However, another filmmaker, Anurag Kashyap, recently came up with a rejoinder to this when he took to Twitter to call the PM an ‘Urban Nazi’ and shared a video of Hitler alongside.
Godi Media and Presstitute: NDTV’s Ravish Kumar, seen by many as the hero of the above-mentioned gangs, used ‘Godi Media’ to hit out at journalists who he believes are propaganda tools of the Modi government. You know, the kind who will ask Rahul Gandhi to answer for the alleged scams of his father and sins of his grandfather, but will never dare to ask the ruling party any questions. Because everyone knows Modi doesn’t like to answer any questions except about how he likes his mangoes.
In a similar vein, another popular term is presstitutes, popularised in the Indian context by former Army Chief General V.K. Singh. He has also helpfully tweeted explanations of it.

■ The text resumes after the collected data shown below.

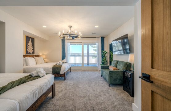 Bedroom 6: Two queen beds with a fold-out loveseat and sliding-door access to the deck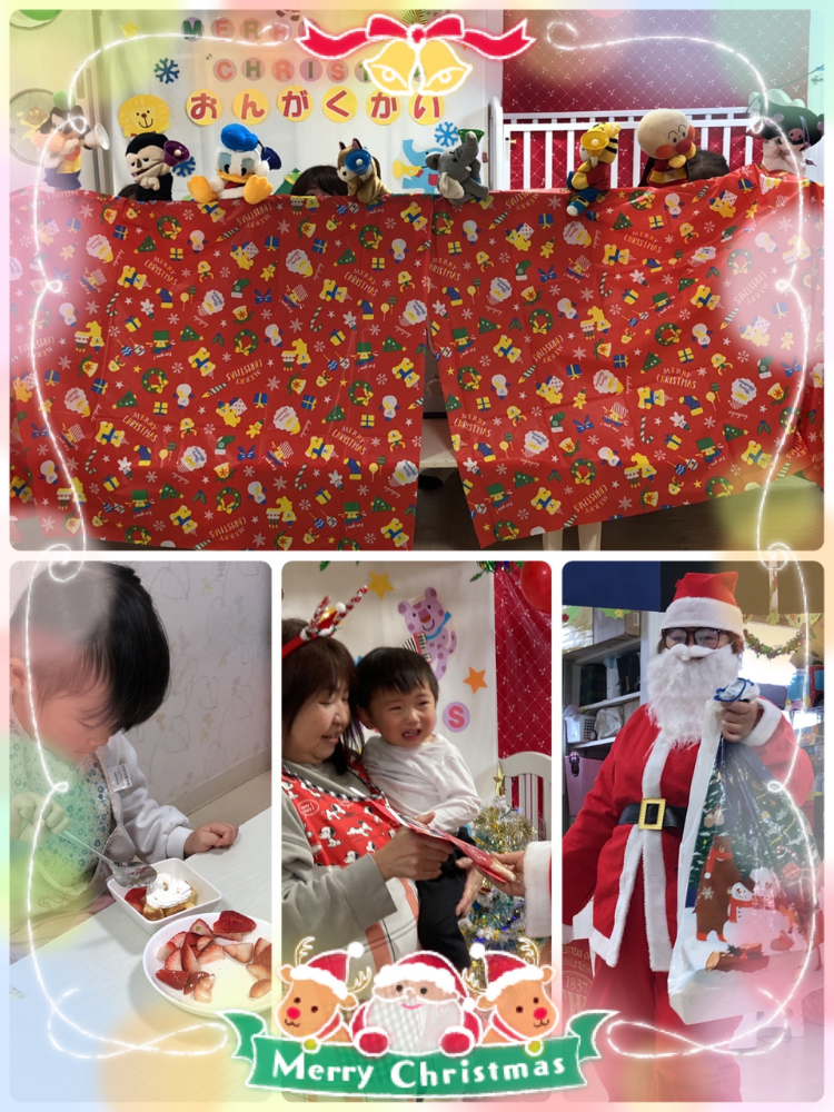驚いて泣いてしまう子もいましたが、サンタさんが玩具のプレゼントを持ってきてくれたのでとても喜んでいました🎁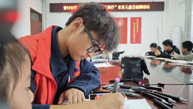 活动现场,学员们提前备齐彩笔、铅笔、画纸等材料,以“世界儿童日”为主题引导孩子们发挥想象。孩子们手持画笔专注创作,有的勾勒牵手相伴的小伙伴,有的晕染绚烂的自然景致,有的描绘心中的美好愿景,色彩明快的画作铺满桌面。志愿者们一对一指导,耐心解答孩子们的疑问,适时给予创意启发,现场氛围温馨而热烈,每一幅作品都承载着孩子们对生活的热爱与对世界的憧憬。孩子们在欢快的氛围中学习绘画技巧,不少作品还通过现场展示环节收获了掌声,既培养了艺术兴趣,也激发了创造力与自信心。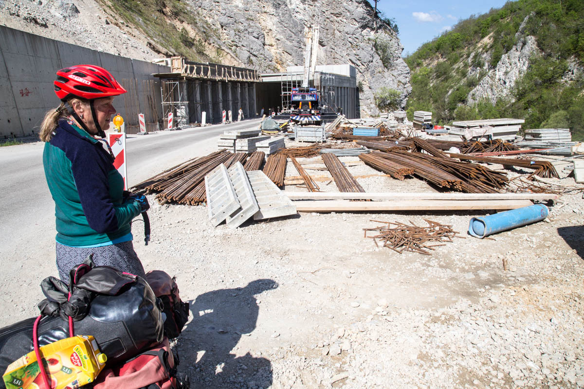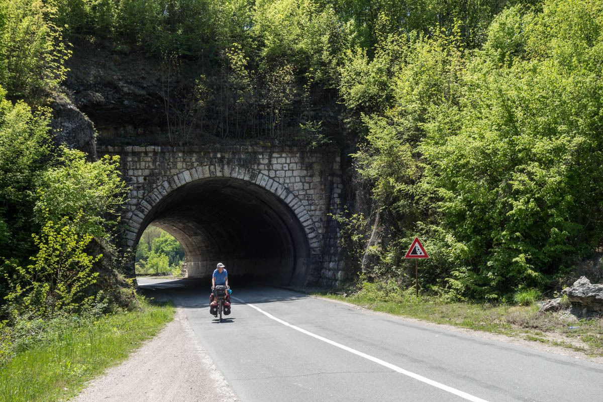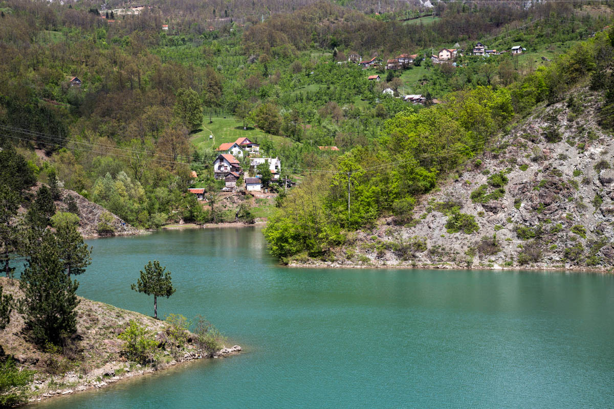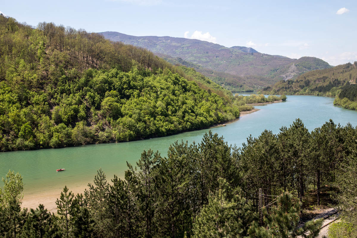 Traffic has been getting steadily worse, there are some trucks and a couple of cars that come too close for comfort. We are happy when we reach the turn-off where our road branches off the main road that goes to Belgrade. We ride along a long reservoir, pass the dam and have a short downhill. Then more ups and downs. 80 kilometers is long today.
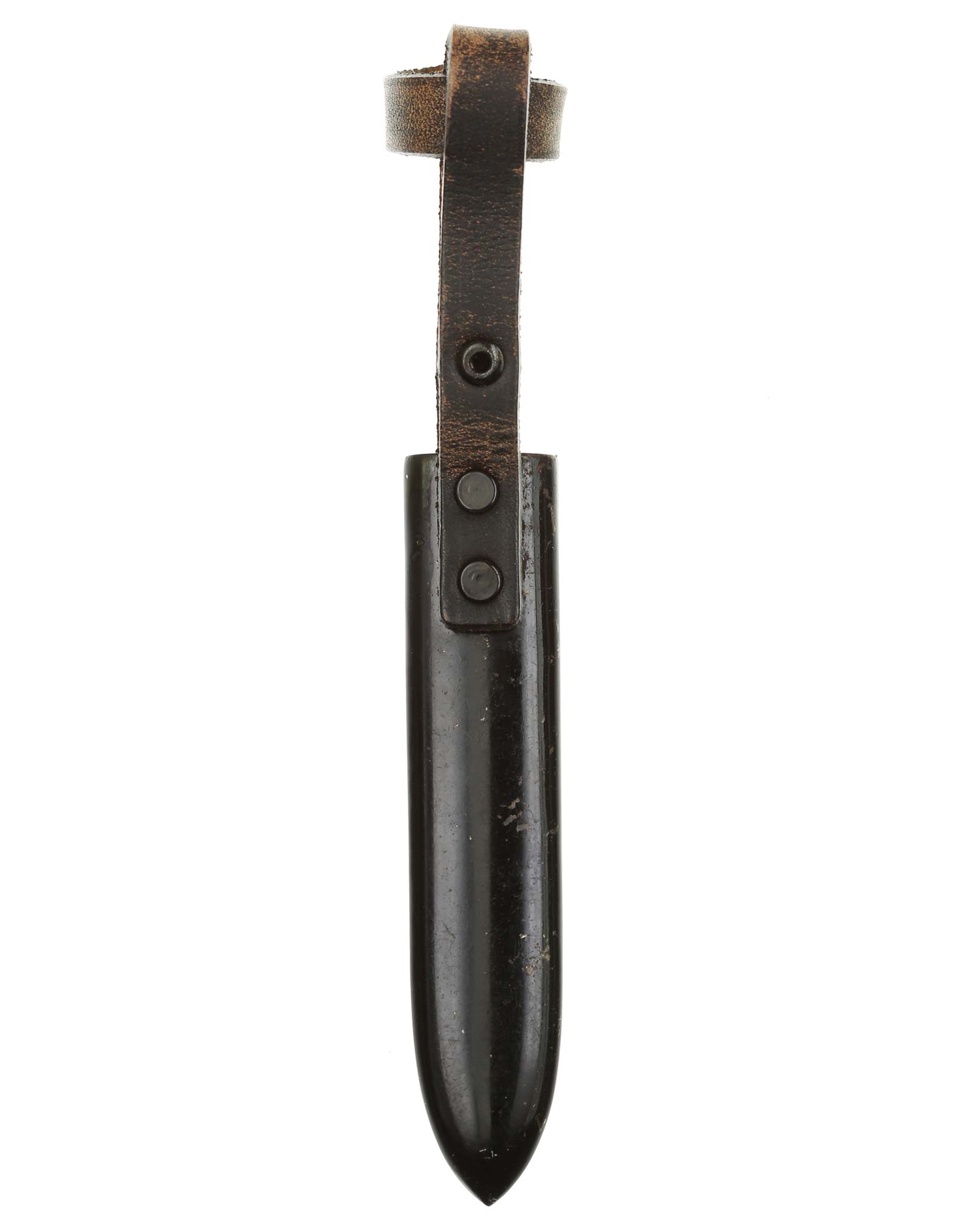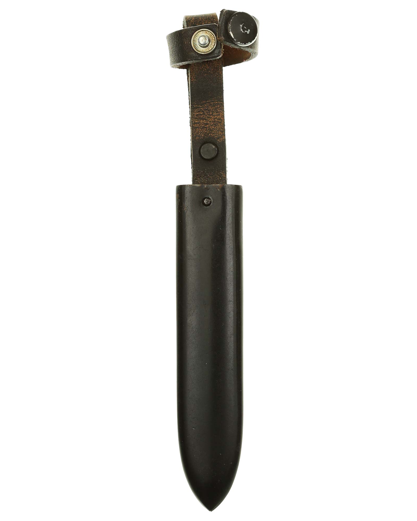 Scabbard: The scabbard remains straight throughout. The original paint has dulled some from age, but it still remains in mint condition. The scabbard is equipped with a black leather belt loop and grip retainer loop with working snap. The strap is retained by two rivets through the top of the reverse scabbard.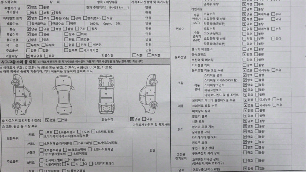 -중고자동차 매매업자를 통해 차량을 구입하실 경우 반드시 "중고자동차 성능, 상태점검 기록부"를 교뷰 받으셔야 하며, 매매업자는 반드시 의무 교부 하여야 압니다.
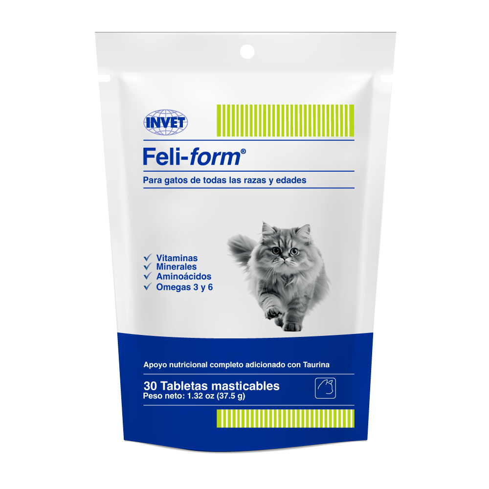 Feli-form de INVET es un suplemento nutricional premium diseñado especialmente para gatos de todas las razas y edades, incluyendo cachorros, adultos, y gatas gestantes o lactantes. Formulado como tabletas masticables, este producto brinda una combinación equilibrada de vitaminas, minerales y aminoácidos esenciales que contribuyen al bienestar integral de los felinos domésticos.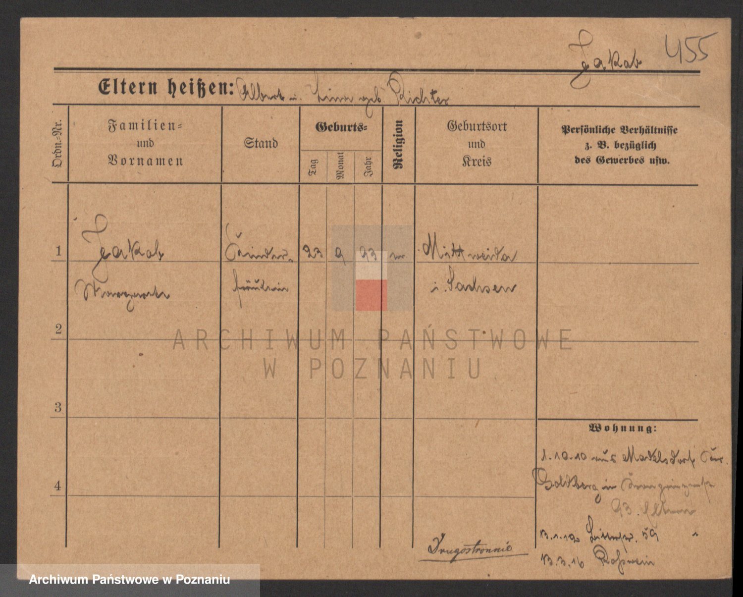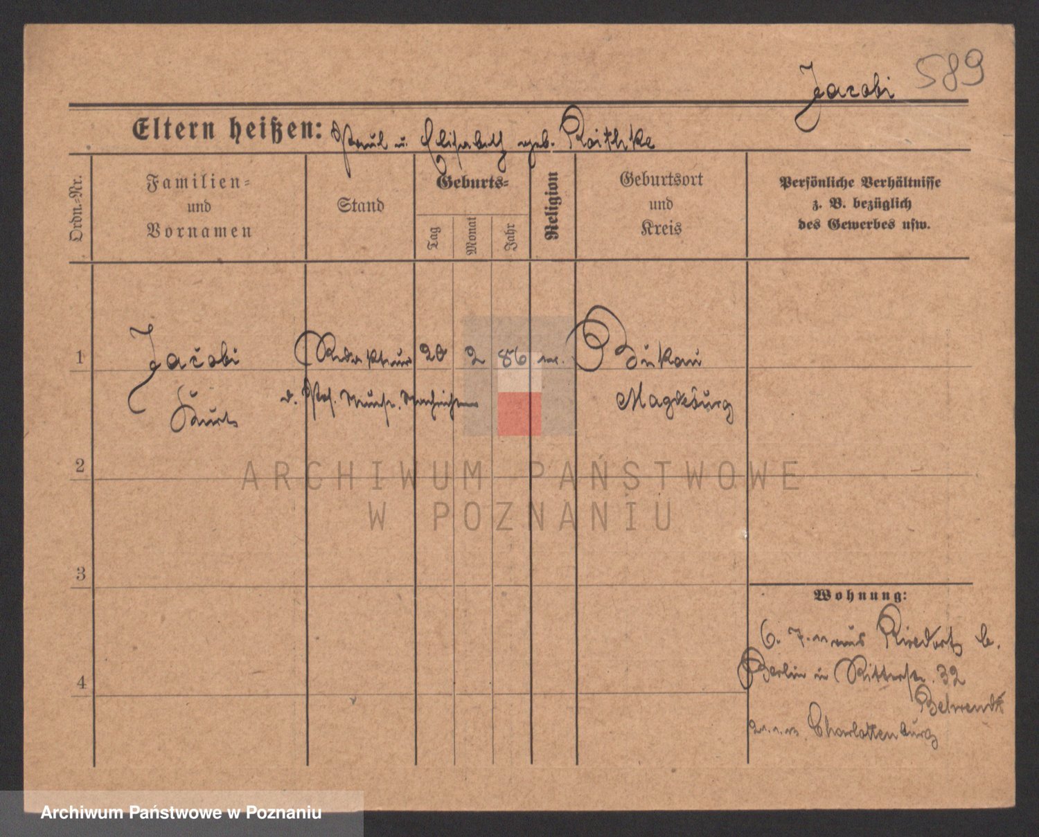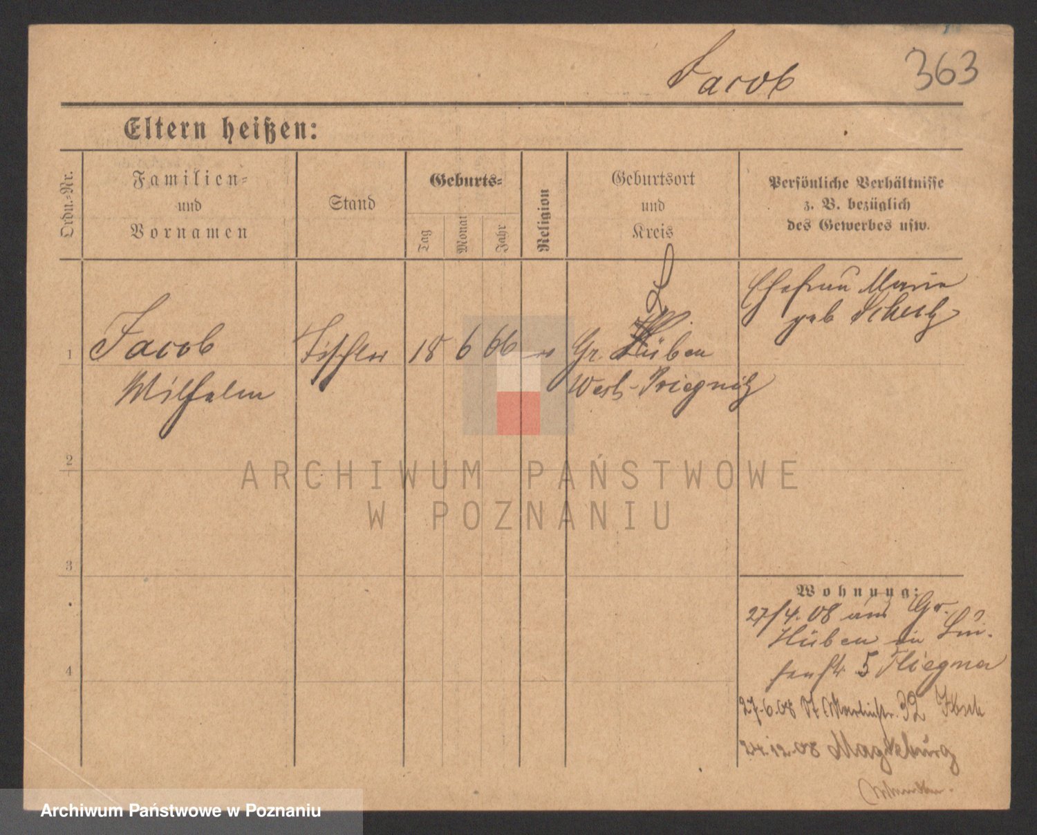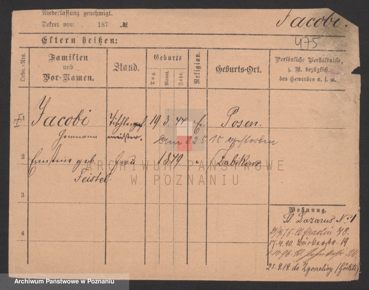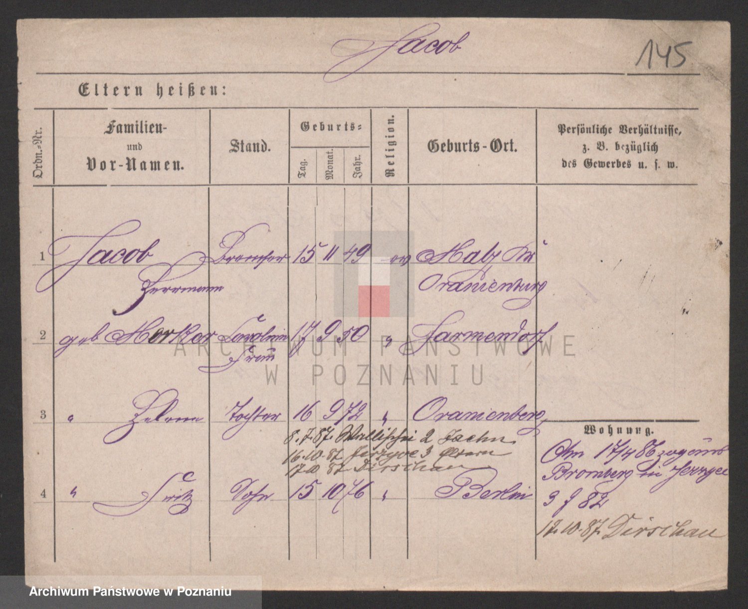 Podgląd karty osobowej dostępny jest po kliknięciu na nazwisko lub ikonkę karty. Można dokonywać powiększenia (ikony na górze) lub przechodzić między kolejnymi skanami (strzałki po bokach).

CAA CAA Chhee Chhee: Never let it be said that Didi holds back on expressing how she really feels. In a speech against the Citizenship Amendment Act just recently, Mamata Banerjee gave all of us a brief moment of merriment when she let loose with what sounded like a playschool game or a scatological nursery rhyme.
Chowkidar Chor Hai: A phrase that Rahul Gandhi coined for the 17th Lok Sabha elections, it was a reference to the allegations of corruption in the Modi government on the Rafale deal. It failed to stick, of course, but that’s another story.
Modi often referred to himself as the chowkidar of India, and for the Lok Sabha elections changed his Twitter profile name to ‘Chowkidar Narendra Modi’ as much a reference to his humble upbringing as to his image as one who will watch against corruption in India.
Promptly, anyone who was anybody in the BJP changed their Twitter handles to include the word chowkidar. As much as it backfired on the Congress, it also caused some embarrassment and confusion for the late Sushma Swaraj, when many US publications thought it was part of her name.
Termites: Most of us know of termites as those insects that eat away at our bookshelves or furniture, but literary-minded Amit Shah used it as a metaphor for illegal Muslim immigrants from Bangladesh, earlier this year. At a rally in West Bengal, he stated that if the BJP returned to power, it would throw out the “termites”.
He also tweeted that all infiltrators except “Buddha, Hindus and Sikhs” would be removed from India — a tweet that, now, in the backlash against the NRC and CAA, has been deleted.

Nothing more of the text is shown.